Task to carry out ▸ Your answer should be one number: how many lines below hold the word "Stranges".

Records drawn from a dataset ▸
----
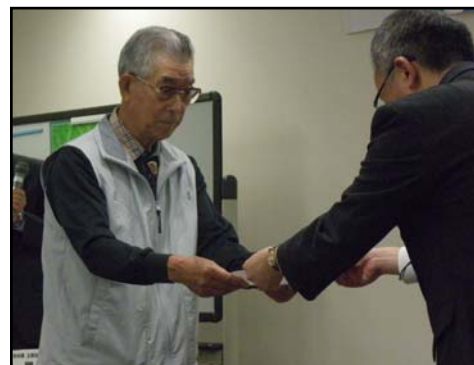
12年連続で認定されました

事務局から、釧路湿原川レンジャーの活動内容や学習活動、今年度の予定などの説明があり、認証を受けた皆さんは真剣に聞き入り、釧路湿原の環境保全を誓いました。
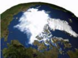
北極海の氷が半減
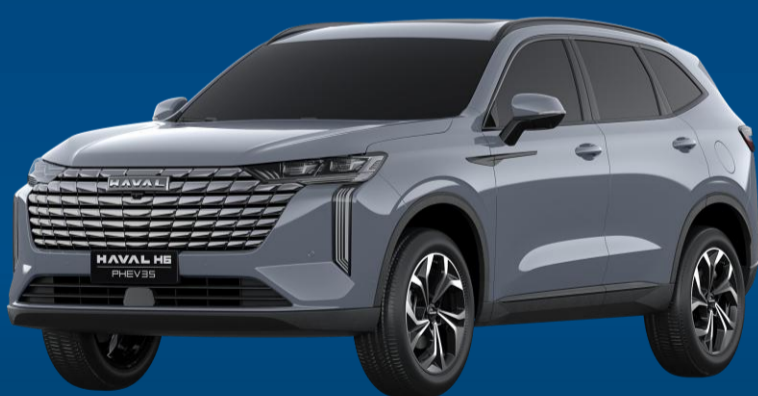
CINZA AMAZONITA (METÁLICA)
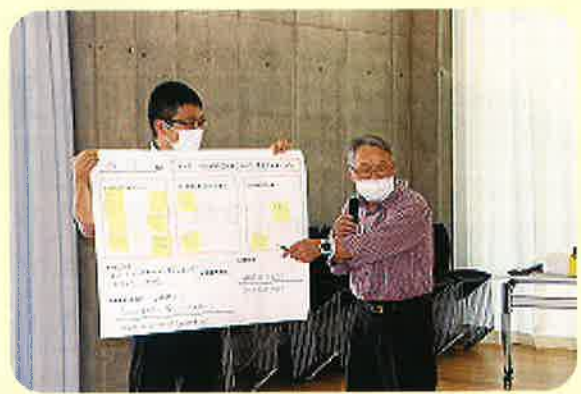
▲ グループ発表の様子

また、鹿児島県内の市町村でも有償ボランティアは数多くあります。独居や高齢者世帯が増え、生活していく上で、出来ないこと、困ったことが出てきたからと言って、施設や公的サービスだけに頼るのではなく、少しの手助けがあれば、慣れ親しんだ地域でこれまで通り生活できるよう、他の市町村の方々もいろんなことを考えて活動を行っている
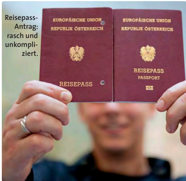
Reisepass-Antrag: rasch und unkompliziert.
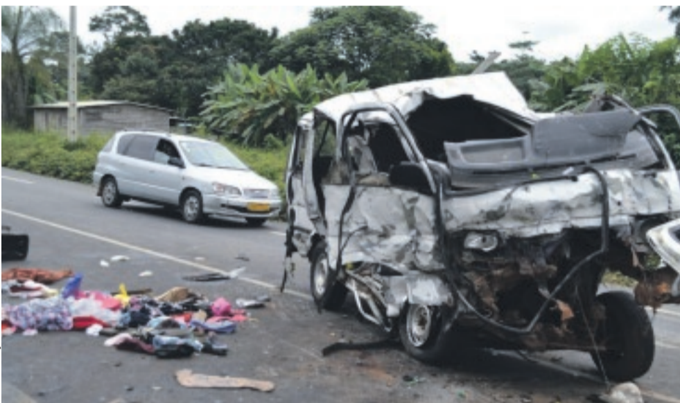
Le minibus suburbain après le choc...
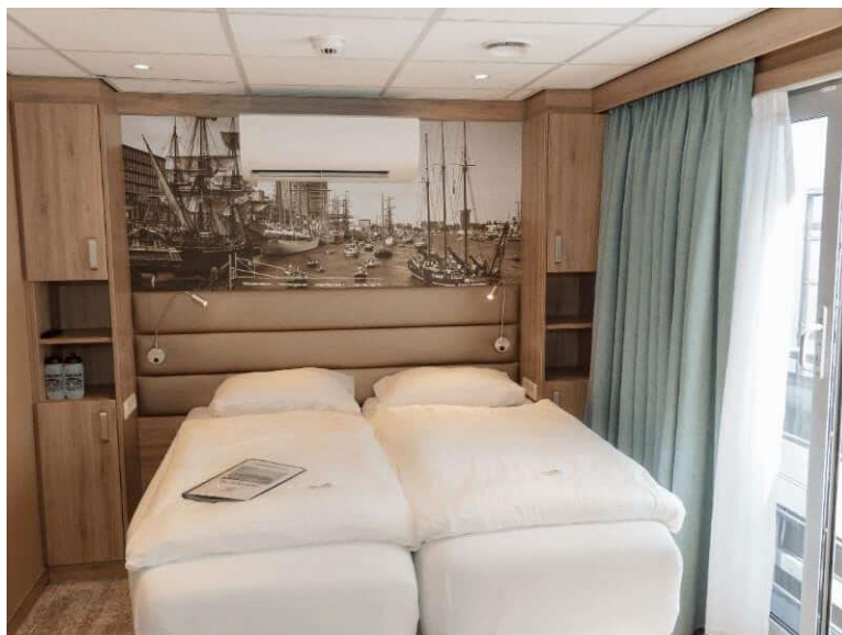
Cabine double pont supérieur
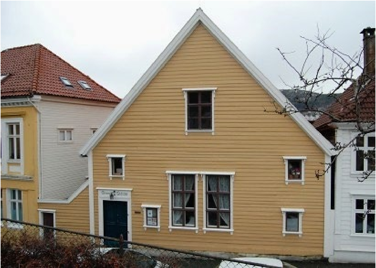
Stranges Stiftelse.

Vi viser til fredingsforslag for Stranges Stiftelse datert 22.03.2021 som har vore på høyring hos aktuelle partar og instansar. På grunnlag av dette fattar Riksantikvaren følgjande vedtak:
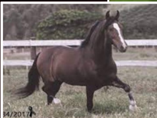
SEU PAI, FAVACHO ÚNICO

PACOTE DE 3 COBERTURAS 35 PARCELAS MENSIS DE R$300,00
----
Answer area ▸ 2